Тут в комнату к поклоном вошел Кудо, глава безопасности клана.

— Господин, ваша гостья собирается после вашего отбытия покинуть дворец. Не следует ли отправить за ней сопровождение?

— Зачем? — удивился Гэндзи. — Мы знаем, где она живет.

— Просто ради предосторожности, — ответил Кудо. — Возможно, в ваше отсутствие она расслабится и станет меньше следить за собой. Мы можем узнать что-нибудь ценное.

Гэндзи улыбнулся. Он знал Хэйко меньше месяца, но уже успел понять, что эта женщина никогда не позволяет себе расслабиться.

— Нам следует поступить, как предлагает Кудо, — сказал Сэйки. — Мы до сих пор еще не изучили прошлое этой женщины с должной тщательностью. — Он имел в виду — хоть и не сказал об этом вслух, — что Гэндзи запретил подобное изучение. — Легкий надзор был бы вполне уместен.

— Не беспокойтесь, — отозвался Гэндзи. — Я лично изучил Хэйко, самым тщательным образом, и не обнаружил ничего подозрительного.

— Это не то изучение, которое нам нужно, — хмуро заметил Сэйки. Подобные игривые замечания внушали ему глубокое отвращение. За двести пятьдеся лет мира многие расслабились, и многие кланы оказались сокрушены в прах лишь потому, что их главы поддавались похоти. — Мы толком ничего о ней не знаем. Это неблагоразумно.

— Мы знаем, что она — лучшая гейша во всем Эдо, — заявил Гэндзи. — Что еще нам нужно знать?

Он вскинул руку, предупреждая уже готовый сорваться с губ Сэйки ответ.

— Я физически изучил ее с четырех сторон времени и пространства. И могу заверить, что она вне всяких подозрений.

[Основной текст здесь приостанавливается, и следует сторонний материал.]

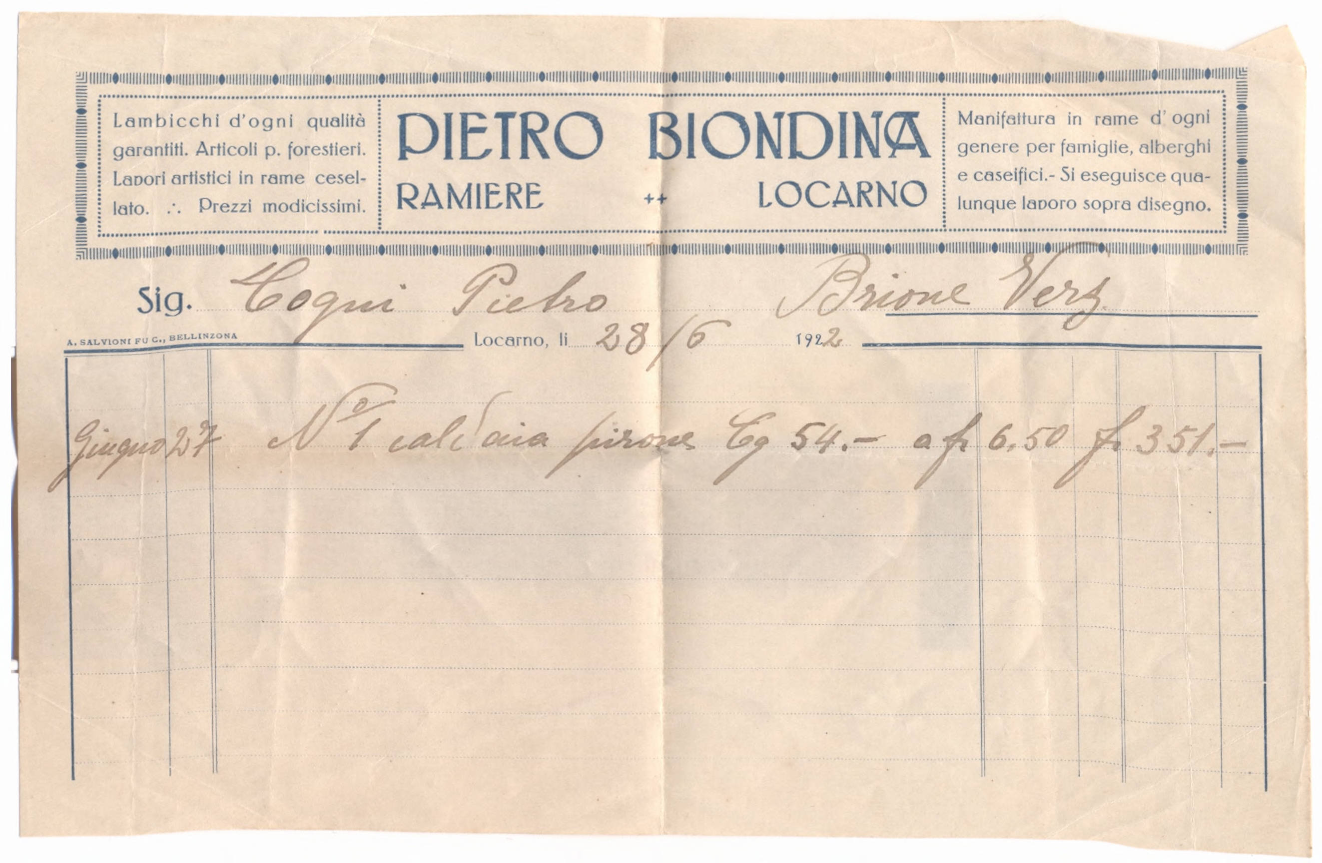 Giugno 27 N. 1 Caldaia [...] Eg. 54 a fr. 6.50 fr. 351.- - Oggetto

— Господин! — с упреком произнес Сэйки. — Не надо так шутить! Вам может грозить смертельная опасность!

— С чего ты взял, что я шучу? До тебя ведь доходили слухи — о том, что мне достаточно прикоснуться к человеку, чтоб узнать его судьбу.

По тому, как Кудо и Сэйки переглянулись, Гэндзи понял, что эти слухи и вправду до них доходили. Князь последний раз недовольно взглянул в зеркало, развернулся и вышел из комнаты.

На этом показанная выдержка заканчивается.